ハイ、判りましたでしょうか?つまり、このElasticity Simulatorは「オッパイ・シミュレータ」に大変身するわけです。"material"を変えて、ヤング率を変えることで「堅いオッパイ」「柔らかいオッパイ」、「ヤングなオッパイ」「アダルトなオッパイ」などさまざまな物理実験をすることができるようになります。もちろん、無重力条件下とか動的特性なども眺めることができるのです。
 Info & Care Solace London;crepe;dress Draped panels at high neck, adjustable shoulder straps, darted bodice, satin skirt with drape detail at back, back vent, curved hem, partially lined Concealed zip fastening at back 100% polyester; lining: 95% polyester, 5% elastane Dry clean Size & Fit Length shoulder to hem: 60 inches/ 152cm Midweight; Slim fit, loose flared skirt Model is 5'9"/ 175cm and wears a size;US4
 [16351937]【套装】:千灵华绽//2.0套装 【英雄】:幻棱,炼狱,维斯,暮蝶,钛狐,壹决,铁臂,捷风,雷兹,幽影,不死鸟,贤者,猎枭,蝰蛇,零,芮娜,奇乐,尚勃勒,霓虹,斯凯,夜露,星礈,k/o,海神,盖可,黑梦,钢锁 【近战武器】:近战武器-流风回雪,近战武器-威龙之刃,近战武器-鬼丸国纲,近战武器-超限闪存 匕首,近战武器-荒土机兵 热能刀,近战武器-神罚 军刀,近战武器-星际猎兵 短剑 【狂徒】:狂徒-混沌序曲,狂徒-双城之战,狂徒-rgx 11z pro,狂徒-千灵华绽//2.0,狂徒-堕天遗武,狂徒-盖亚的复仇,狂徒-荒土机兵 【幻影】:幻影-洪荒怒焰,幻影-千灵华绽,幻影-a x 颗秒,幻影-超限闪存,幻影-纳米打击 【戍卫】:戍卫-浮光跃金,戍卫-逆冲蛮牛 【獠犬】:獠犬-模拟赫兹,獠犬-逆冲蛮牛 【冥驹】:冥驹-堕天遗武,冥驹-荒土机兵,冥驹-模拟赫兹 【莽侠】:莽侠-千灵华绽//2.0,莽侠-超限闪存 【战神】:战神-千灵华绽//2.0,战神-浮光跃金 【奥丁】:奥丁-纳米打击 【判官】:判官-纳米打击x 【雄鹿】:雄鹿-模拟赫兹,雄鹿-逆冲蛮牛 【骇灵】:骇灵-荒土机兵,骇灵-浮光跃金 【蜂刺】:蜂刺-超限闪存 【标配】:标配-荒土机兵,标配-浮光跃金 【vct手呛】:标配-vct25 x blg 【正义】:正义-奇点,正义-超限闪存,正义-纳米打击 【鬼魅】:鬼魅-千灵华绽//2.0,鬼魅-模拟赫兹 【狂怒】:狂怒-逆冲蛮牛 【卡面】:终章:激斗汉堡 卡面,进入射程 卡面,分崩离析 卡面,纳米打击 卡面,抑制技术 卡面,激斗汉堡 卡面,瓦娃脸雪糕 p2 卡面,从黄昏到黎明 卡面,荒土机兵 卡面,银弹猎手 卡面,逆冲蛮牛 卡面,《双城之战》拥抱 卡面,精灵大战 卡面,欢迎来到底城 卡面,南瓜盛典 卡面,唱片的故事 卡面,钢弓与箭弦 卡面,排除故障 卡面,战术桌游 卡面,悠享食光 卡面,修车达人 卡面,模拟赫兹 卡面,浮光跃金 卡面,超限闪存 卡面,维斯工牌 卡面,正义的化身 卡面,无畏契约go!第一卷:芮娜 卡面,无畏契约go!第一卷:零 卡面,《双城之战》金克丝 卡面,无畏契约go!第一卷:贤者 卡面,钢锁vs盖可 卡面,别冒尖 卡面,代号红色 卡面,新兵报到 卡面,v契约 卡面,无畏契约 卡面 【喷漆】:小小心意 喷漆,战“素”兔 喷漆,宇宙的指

...

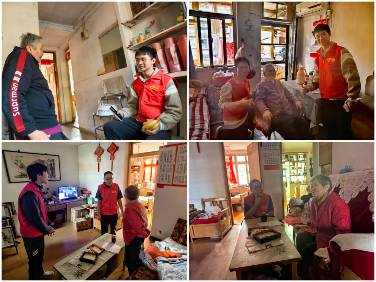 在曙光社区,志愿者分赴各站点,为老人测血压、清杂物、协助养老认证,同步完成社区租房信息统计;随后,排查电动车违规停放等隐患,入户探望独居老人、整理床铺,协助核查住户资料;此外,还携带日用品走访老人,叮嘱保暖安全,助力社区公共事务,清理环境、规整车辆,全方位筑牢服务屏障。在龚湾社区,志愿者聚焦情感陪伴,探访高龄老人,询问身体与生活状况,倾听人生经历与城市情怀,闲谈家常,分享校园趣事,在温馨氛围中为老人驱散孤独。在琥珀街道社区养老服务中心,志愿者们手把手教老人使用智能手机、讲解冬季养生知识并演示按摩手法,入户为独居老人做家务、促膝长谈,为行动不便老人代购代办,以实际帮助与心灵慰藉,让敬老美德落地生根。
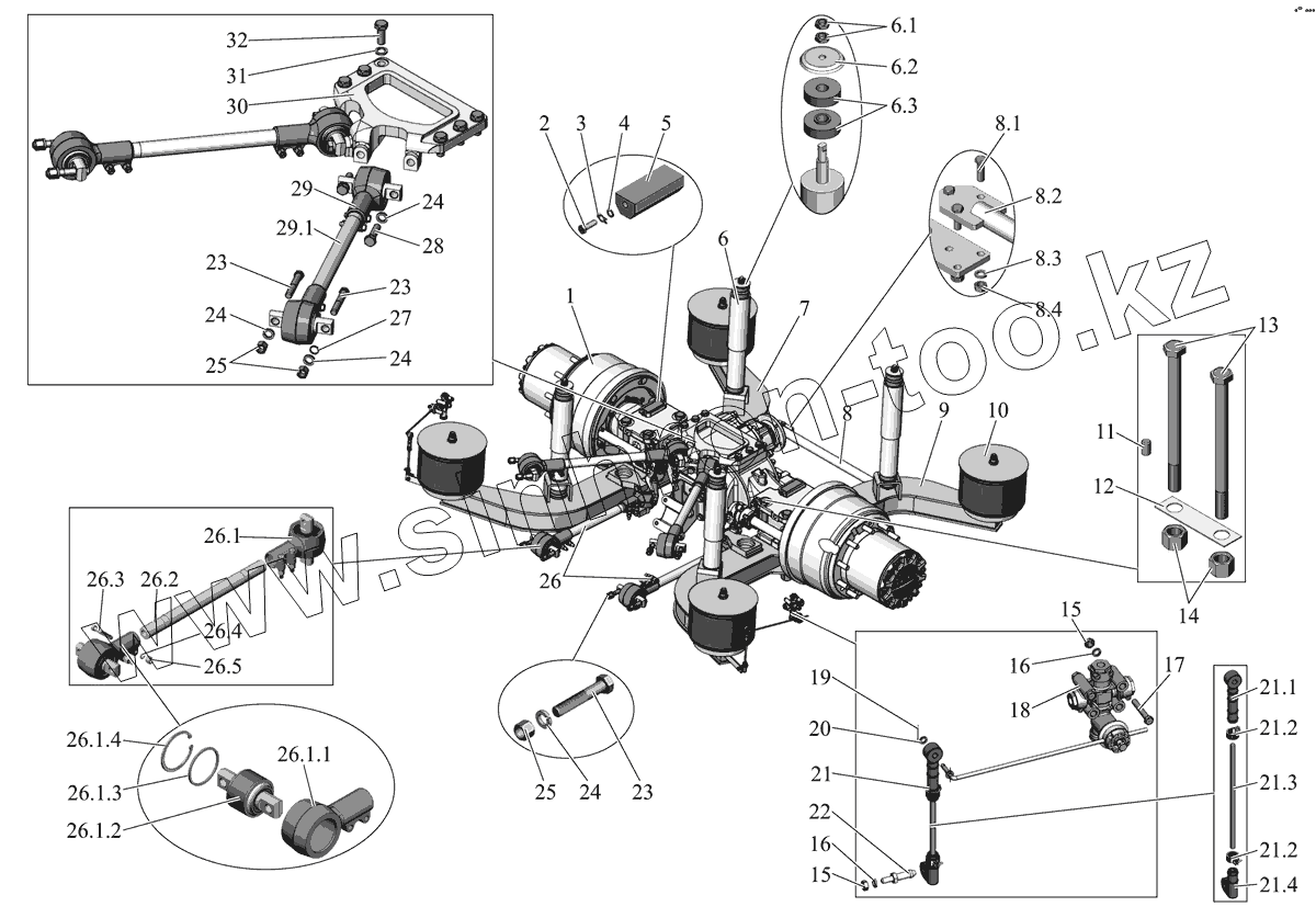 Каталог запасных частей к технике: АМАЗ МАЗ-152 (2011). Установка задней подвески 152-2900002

---

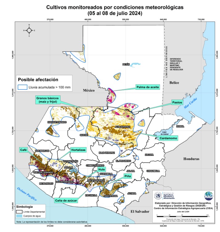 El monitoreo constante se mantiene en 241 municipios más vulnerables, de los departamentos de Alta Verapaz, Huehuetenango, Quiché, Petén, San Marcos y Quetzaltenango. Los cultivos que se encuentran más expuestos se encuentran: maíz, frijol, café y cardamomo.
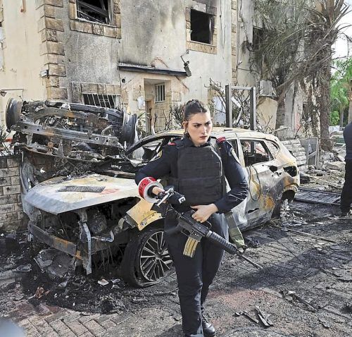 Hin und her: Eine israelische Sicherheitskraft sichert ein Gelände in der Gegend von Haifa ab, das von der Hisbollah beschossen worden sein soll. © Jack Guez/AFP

-- How to complete this task --
Look above for the line with "在曙光社区,志愿者分赴各站点" and the line with "Каталог запасных частей". Give again exactly those two lines and all lines between them, pictures excluded.

-- Solved exercise --
 在曙光社区,志愿者分赴各站点,为老人测血压、清杂物、协助养老认证,同步完成社区租房信息统计;随后,排查电动车违规停放等隐患,入户探望独居老人、整理床铺,协助核查住户资料;此外,还携带日用品走访老人,叮嘱保暖安全,助力社区公共事务,清理环境、规整车辆,全方位筑牢服务屏障。在龚湾社区,志愿者聚焦情感陪伴,探访高龄老人,询问身体与生活状况,倾听人生经历与城市情怀,闲谈家常,分享校园趣事,在温馨氛围中为老人驱散孤独。在琥珀街道社区养老服务中心,志愿者们手把手教老人使用智能手机、讲解冬季养生知识并演示按摩手法,入户为独居老人做家务、促膝长谈,为行动不便老人代购代办,以实际帮助与心灵慰藉,让敬老美德落地生根。
 Каталог запасных частей к технике: АМАЗ МАЗ-152 (2011). Установка задней подвески 152-2900002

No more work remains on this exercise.